## Work task
Give back the full listing, character for character, with no pictures.

## Dataset excerpts

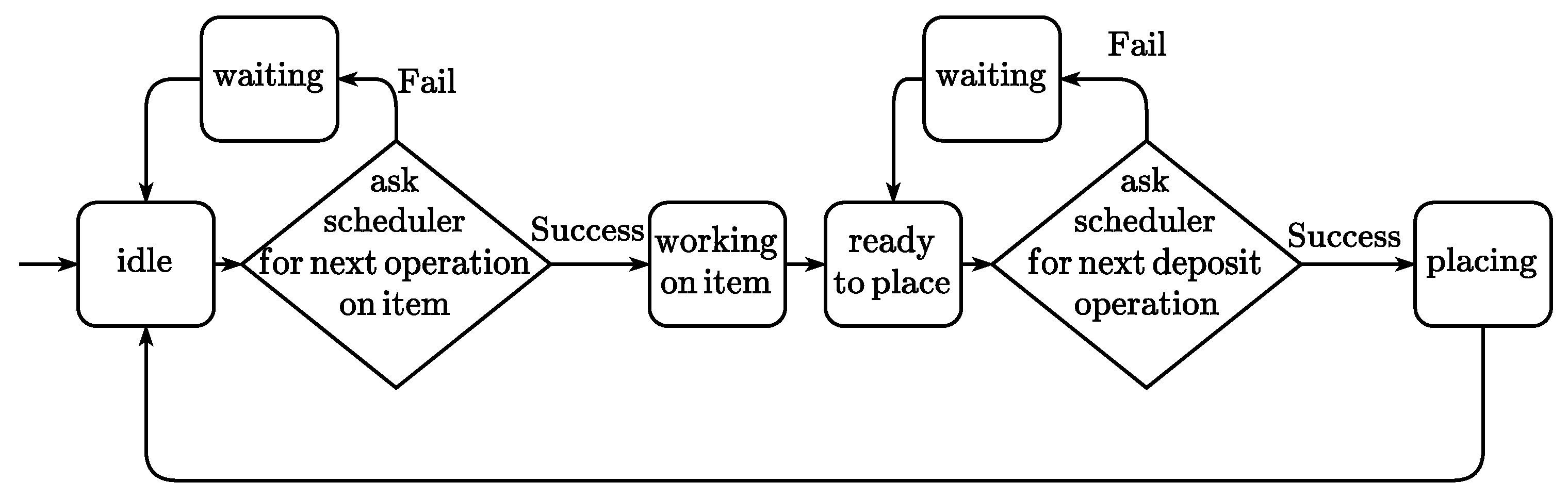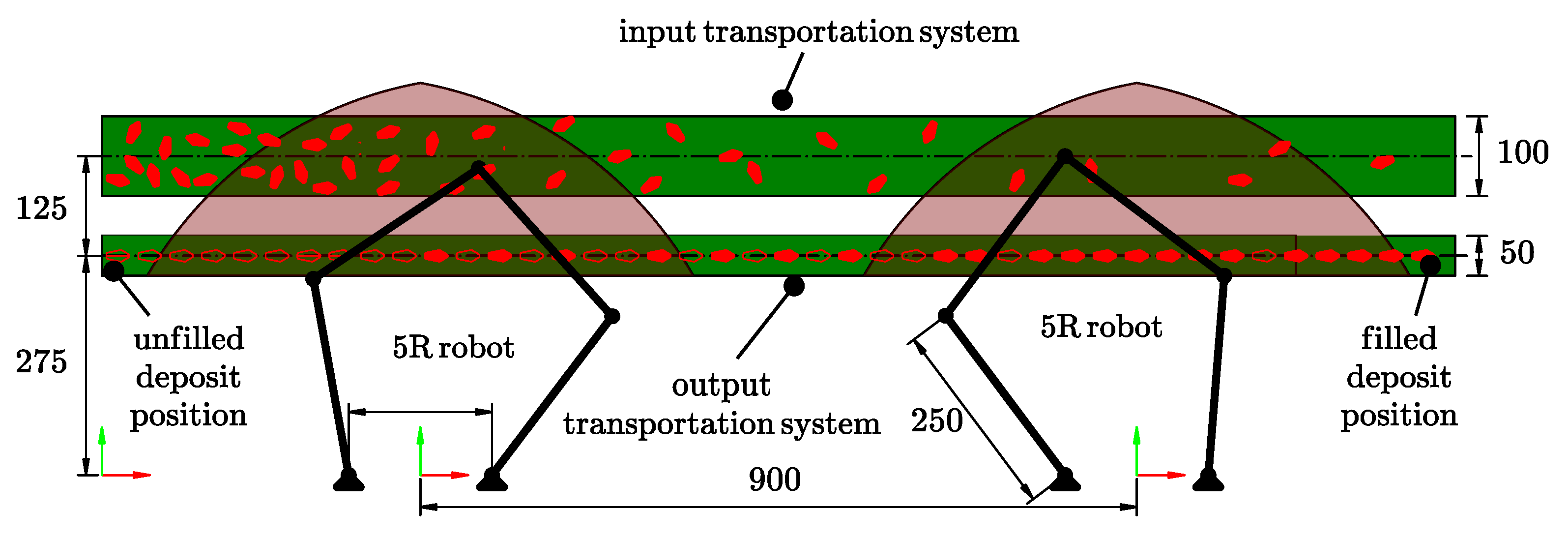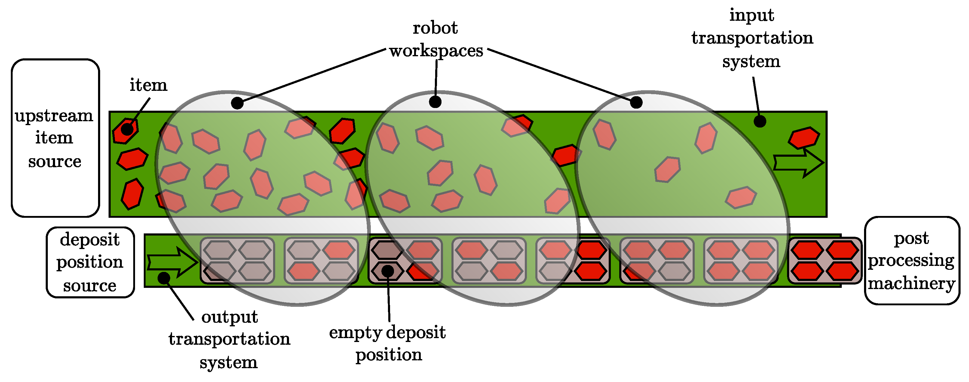 The focus of this work is mostly placed on the middle section, i.e., on the multi-robot system. Within this plant section one transportation system—the input one—is placed at the outlet of the upstream production facility, which generates the items and hence the input stream. The output transportation system is (materially or virtually) loaded at regular intervals with empty deposit positions that are to be filled by the robots; the output stream then terminates at the inlet section of the downstream machinery, which accepts the sorted items and proceeds with their further processing.
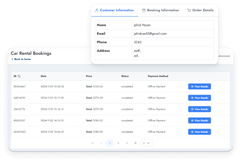 Tourfic integrates with WooCommerce, enabling seamless payments through gateways like PayPal, Stripe, and others. You can manage bookings, confirm or cancel rentals, and track all transactions directly from your WordPress dashboard.
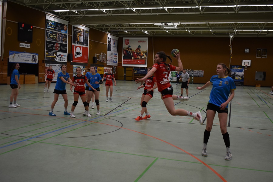Für die HSG2B spielten: Johanna Franz, Lucy Linder (im Tor), Sarah Bothner, Melina Wamsler, Melina Hagedorn, Sara Wolkenstein, Alicia Grünauer, Laura Emele, Jana Dammenmiller, Finnja Fuchs, Mailin Fuchs, Maxine Weber
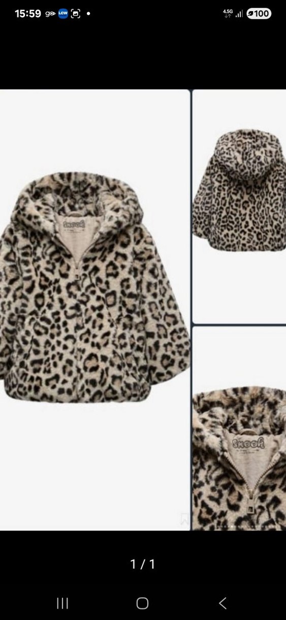 Leopar desenli, kapüşonlu, peluş kumaştan yapılmış bol kesim kız çocuk montu. Kahverengi ve gri tonlarda, trend sokak stili için uygun. 6 yaş için ideal zara style mont
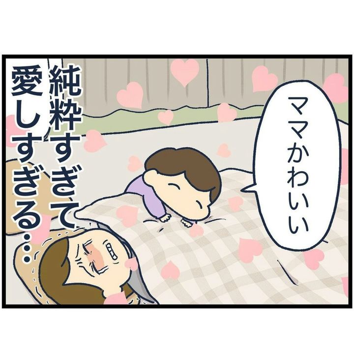 寝ているママをじっと見つめて、顔のパーツを一つ一つ指さして「かわいい」だなんて…みよちゃんの行動がかわいすぎます!一日の終わりにこんな出来事があったら、疲れも吹き飛んでしまいそうです。心が洗われますね。
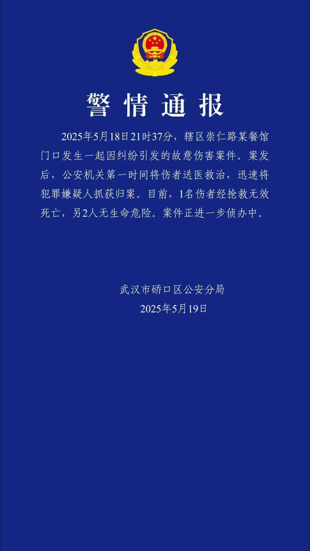 2025年5月18日21时37分,辖区崇仁路某餐馆门口发生一起因纠纷引发的故意伤害案件。案发后,公安机关第一时间将伤者送医救治,迅速将犯罪嫌疑人抓获归案。目前,1名伤者经抢救无效死亡,另2人无生命危险。案件正进一步侦办中。 返回搜狐,查看更多
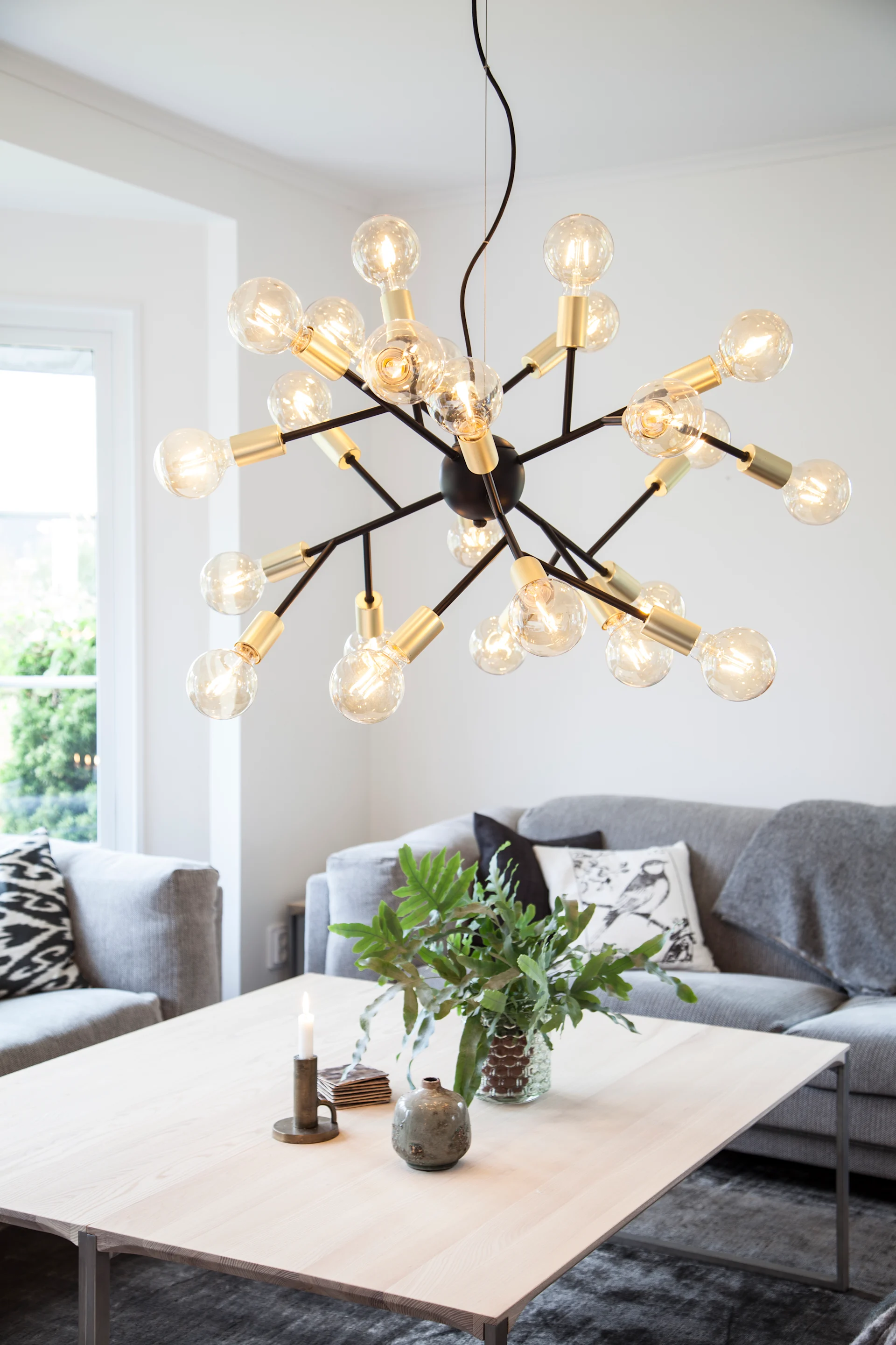 4. Vælg den rigtige pære: Den rigtige temperatur på en pære er afgørende for, hvordan både lampen og rummet faktisk opfattes. Både lumen og kelvin påvirker lysets udseende og følelsen i dit rum, men hvad er det, og hvordan vælger du? Vil du have et varmere lys, som er mere subtilt, eller noget køligere og stærkere? I vores guide til at vælge den rigtige pære finder du masser af tips, der kan hjælpe dig med at oplyse din stue.
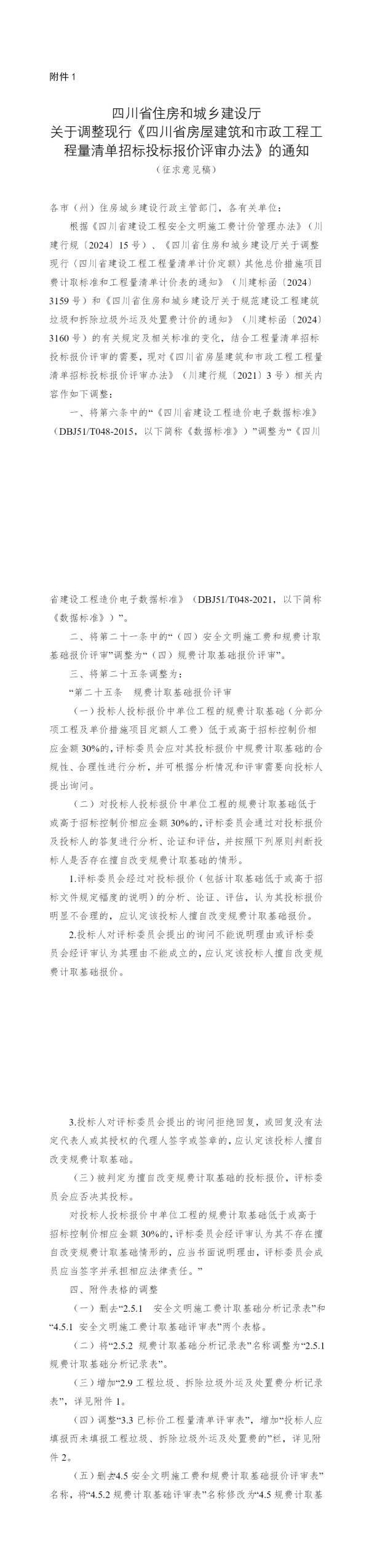 根据《四川省建设工程安全文明施工费计价管理办法》(川建行规〔2024〕15号)、《四川省住房和城乡建设厅关于调整现行〈四川省建设工程工程量清单计价定额〉其他总价措施项目费计取标准和工程量清单计价表的通知》(川建标函〔2024〕3159号)和《四川省住房和城乡建设厅关于规范建设工程建筑垃圾和拆除垃圾外运及处置费计价的通知》(川建标函〔2024〕3160号)的有关规定及相关标准的变化,结合工程量清单招标投标报价评审的需要,现对《四川省房屋建筑和市政工程工程量清单招标投标报价评审办法》(川建行规〔2021〕3号)相关内容作如下调整:

## Response
 The focus of this work is mostly placed on the middle section, i.e., on the multi-robot system. Within this plant section one transportation system—the input one—is placed at the outlet of the upstream production facility, which generates the items and hence the input stream. The output transportation system is (materially or virtually) loaded at regular intervals with empty deposit positions that are to be filled by the robots; the output stream then terminates at the inlet section of the downstream machinery, which accepts the sorted items and proceeds with their further processing.
 Tourfic integrates with WooCommerce, enabling seamless payments through gateways like PayPal, Stripe, and others. You can manage bookings, confirm or cancel rentals, and track all transactions directly from your WordPress dashboard.
Für die HSG2B spielten: Johanna Franz, Lucy Linder (im Tor), Sarah Bothner, Melina Wamsler, Melina Hagedorn, Sara Wolkenstein, Alicia Grünauer, Laura Emele, Jana Dammenmiller, Finnja Fuchs, Mailin Fuchs, Maxine Weber
 Leopar desenli, kapüşonlu, peluş kumaştan yapılmış bol kesim kız çocuk montu. Kahverengi ve gri tonlarda, trend sokak stili için uygun. 6 yaş için ideal zara style mont
 寝ているママをじっと見つめて、顔のパーツを一つ一つ指さして「かわいい」だなんて…みよちゃんの行動がかわいすぎます!一日の終わりにこんな出来事があったら、疲れも吹き飛んでしまいそうです。心が洗われますね。
 2025年5月18日21时37分,辖区崇仁路某餐馆门口发生一起因纠纷引发的故意伤害案件。案发后,公安机关第一时间将伤者送医救治,迅速将犯罪嫌疑人抓获归案。目前,1名伤者经抢救无效死亡,另2人无生命危险。案件正进一步侦办中。 返回搜狐,查看更多
 4. Vælg den rigtige pære: Den rigtige temperatur på en pære er afgørende for, hvordan både lampen og rummet faktisk opfattes. Både lumen og kelvin påvirker lysets udseende og følelsen i dit rum, men hvad er det, og hvordan vælger du? Vil du have et varmere lys, som er mere subtilt, eller noget køligere og stærkere? I vores guide til at vælge den rigtige pære finder du masser af tips, der kan hjælpe dig med at oplyse din stue.
 根据《四川省建设工程安全文明施工费计价管理办法》(川建行规〔2024〕15号)、《四川省住房和城乡建设厅关于调整现行〈四川省建设工程工程量清单计价定额〉其他总价措施项目费计取标准和工程量清单计价表的通知》(川建标函〔2024〕3159号)和《四川省住房和城乡建设厅关于规范建设工程建筑垃圾和拆除垃圾外运及处置费计价的通知》(川建标函〔2024〕3160号)的有关规定及相关标准的变化,结合工程量清单招标投标报价评审的需要,现对《四川省房屋建筑和市政工程工程量清单招标投标报价评审办法》(川建行规〔2021〕3号)相关内容作如下调整:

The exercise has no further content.